In order to assess the prediction accuracy and to evaluate the quality of recommendations provided to the active user, we opt for two evaluation metrics commonly used in CF: the Mean Absolute Error (MAE) which belongs in this case to [0, 4] and the precision belonging to [0, 1] defined by:

$$\begin{aligned} MAE= \frac{\sum _{u,i}| {\widehat{R}}_{u,i} - {R}_{u,i}|}{||\widehat{R}_{u,i} ||} \end{aligned}$$
(7)
$$\begin{aligned} Precision= \frac{IR}{IR+UR} \end{aligned}$$
(8)

where \({R}_{u,i}\) is the real rating for the user u on the item i and \(\widehat{R}_{u,i}\) is the predicted value. \(\Vert \widehat{R}_{u,i} \Vert \) is the total number of the predicted ratings over all the users. IR indicates that an interesting item has been correctly recommended while UR indicates that an uninteresting item has been incorrectly recommended.
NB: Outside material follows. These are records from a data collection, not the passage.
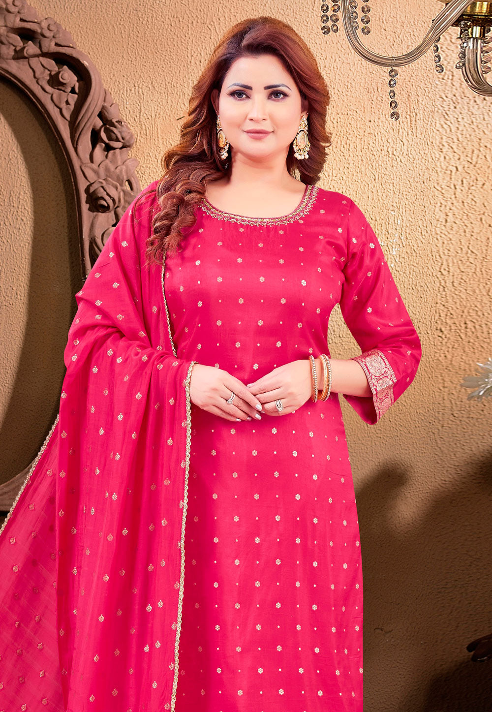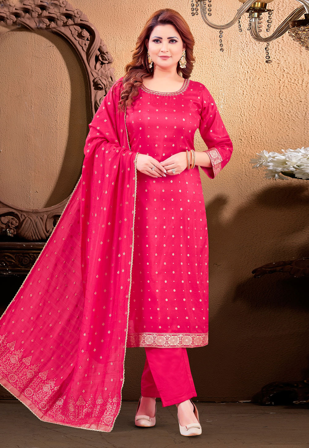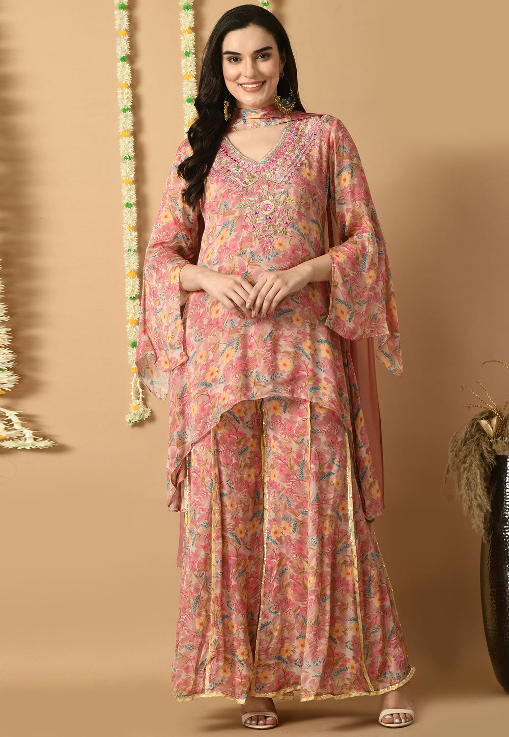 Pink Chinon Readymade Palazzo Suit
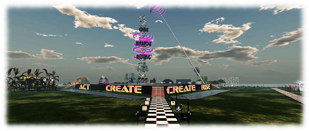 Activities in Second Life commence at 00:00 SLT on the morning of February 14th, and will continue through a full 24 hours across the four OBR regions of Listen, Rise, Create and Act. Around the central stage area located at the four adjoining corners of these regions, are art displays and information areas where people can learn about organisations around the world working to end violence against women.
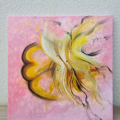 Abstrakti akryylimaalaus. Koko 33 x 42 cm. Ripustusvalmis taulu.

The lower the MAE values are, the more accurate the predictions are. Otherwise, the highest values of the precision indicate a better recommendation quality.

Scalability

We also investigated the performance of our approach in terms of scalablity. We recall that the purpose of scalability refers to the ability of a method to be run quickly by handling the evolution regarding the number of items and users.

5.2 Experimental Results

We performed various experiments over the 10 selected subsets by varying each time the number of clusters c. We used c = 2, c = 3, c = 4 and c = 5. For each subset, the results corresponding to the different number of clusters used in the experiments are then averaged. In other words, we compute the MAE and the precision measure for each value of c and we note the overall results. For all our experiments, we used \(\alpha \) = 2, \(\beta \) = 2 and \(\delta ^2\) = 10 as invoked in [16]. Unlike the evidential item-based CF (Evidential IB-CF) [11], the proposed evidential clustering item-based CF (Evidential Clustering IB-CF) relies on items clusters rather than the user-item matrix. Hence, we compare the two CF methods proposed under the BFT in order to evaluate the performance of our approach. Table 4 recapitulates the results of each evidential IB-CF considering different sparsity degrees.
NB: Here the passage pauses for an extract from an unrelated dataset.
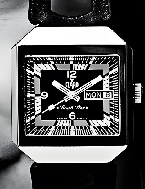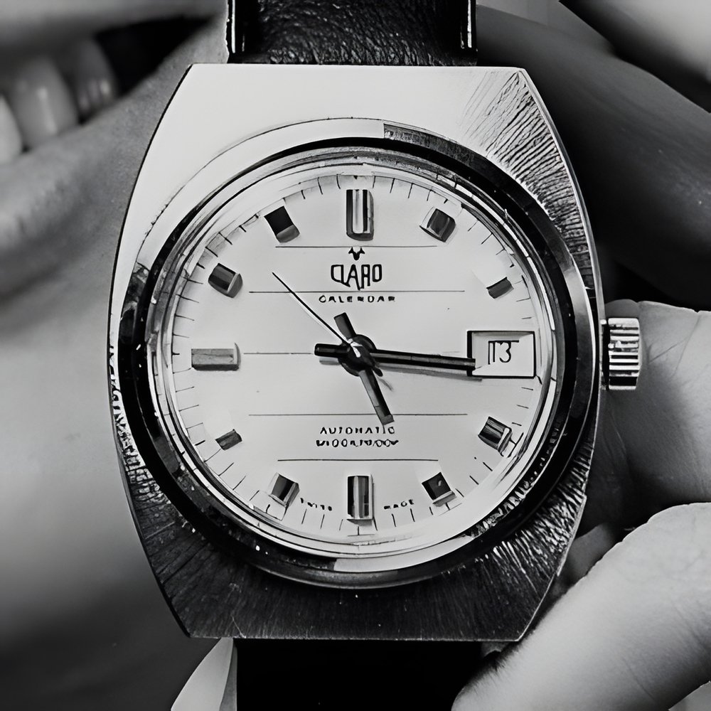 For men : a very modern watch with automatic movement. The bracelet flows into the tonneau-une gilt case. Dial with strongly raised hour-markers. This model is water-resistant, shockprotected and includes a calendar. (CLARO)

Table 4. Comparison results in terms of MAE and precision

The proposed approach allows an improvement over the standard evidential item-based CF approach [11] by acquiring, in average the lowest error rates over the 10 subsets (0.793 compared to 0.809) as well as the highest overall precision (0.75 compared to 0.733). While the clustering CF proposed in [6] improves the scalability with a worse prediction quality compared to the traditional one, our evidential clustering CF outperforms the standard evidential CF in both cases.

Scalability Performance

We perform the scalability of our approach by varying the sparsity degree. We compare the results to the standard evidential CF as depicted in Fig. 2.

Fig. 2.
figure 2

Elapsed time of evidential clustering CF vs. evidential CF

According to Fig. 2, the elapsed time corresponding to the clustering CF approach is substantially lower than the basic evidential CF. These results are explained by the fact that standard CF methods need to search the closest neighbors to the target item in the whole item space, which leads to huge computing amount.

6 Conclusion

In this paper, we have proposed a new clustering CF approach based on the Evidential C-Means method. Compared to a recent CF method under the belief function theory, elapsed time has been significantly improved, along with better prediction and recommendation performance. As future work, we intend to rely on the different \(bba's\) corresponding to the different clusters rather than the most significant one.